March 10, cryptocurrency trader and researcher Sylvain, Ribs published a report which claims that $ 3 billion of trade volumes cryptocurrency — fake. The author of the study made a special emphasis on cryptocurrency exchanges Okcoin (Okex) and Huobi. But let’s take first things first.
The essence of the study is to estimate risks. Ribs decided to calculate how much selling each and every token valued at $50 000 would bring down its price.
Further, Ribs refers to the term “slippage,” which he defines as “the percentage change observed between the average and minimum price at which he had to agree, selling the asset”. The study of the books of applications for such exchanges as GDAX, Bitfinex, Kraken, Binance and many others, was discovered enormous discrepancies:
“I have discovered a huge discrepancy between the exchanges. On this you cannot give up and just say “well, users are supposed to be different”. The presence of such discrepancies can only be explained by the fact that some figures are very inflated, up to 95%. Topping the list of cheaters exchange Okex, with the stated trading volume to $1.7 billion, and occupies the first position in the Coinmarketcap sites and Livecoinwatch”.

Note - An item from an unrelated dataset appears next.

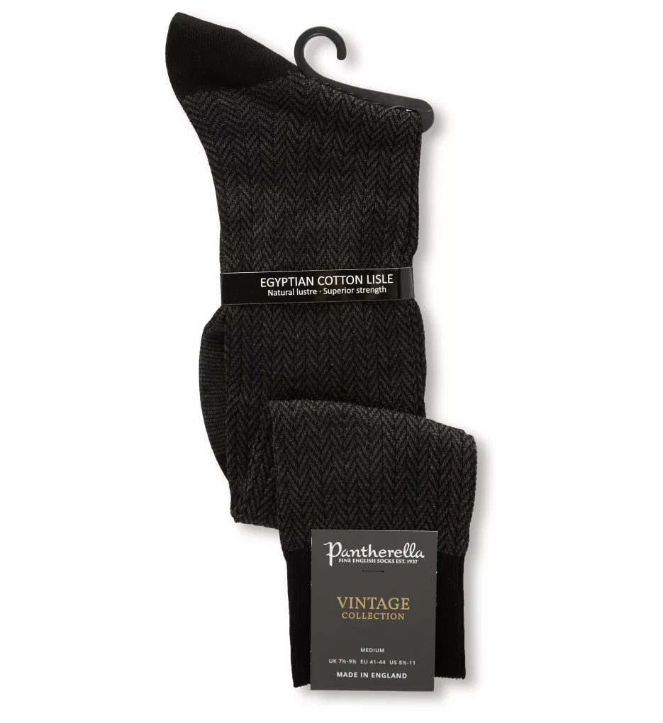 Experience the unrivaled quality and refinement of these over the calf dress socks with a classic herringbone pattern. Made of Egyptian cotton lisle with nylon for durability.

Orange, blue, and blue marks belong to the GDAX exchanges, Bitfinex and Kraken, respectively. The red marks owned by Okex:
It is the trading volume Okex steel alarm bell for Ribs. The trader recognizes that on the unregulated market of crypto-currencies can detect artificial and fictitious volumes of trading, but to such an extent!
“Many currency pairs, though, and boast up to 5 million dollars, but when you slip them the price will be slightly more than 10% , you should only exchange $50 000. To such couples at the time of data collection 06 March 2018 belonged NEO/BTC, IOTA/USD, QTUM/USD”
“These figures do not allow to doubt that a large part of the volume Okex – dummy. Initially I could not understand how they manage that. I went to the platform and looked at the history of trading in some pairs. It turned out that they fabricate the volume to the point of absurdity obvious artificial method”.
Compared to Poloniex exchange Okex shows an exaggeration of the financial markets. Huobi Pro far behind and fabricates 81.8% of the volume. The study also referred to these exchanges as Bittrex, Hitbtc and Binance and found them “respectable exchangers”:
“Check the volume has not led to the identification of suspicious activity,” says Rabs.
CEO Binance Changpeng Zhao studied the research of Sylvain Ribs and called it “good and in-depth analysis”.
With regard to the dubious activities of Okcoin and Huobi Pro, they were asked to comment on the results of the study, but there was no answer. It is worth noting the fact that these two exchanges is not the first time accused of falsification of the volume of trade. Could this be the reason for the termination of the contract between the company SBI Holdings and the exchange Huobi, which anticipated the opening of two cryptocurrency exchanges in Japan?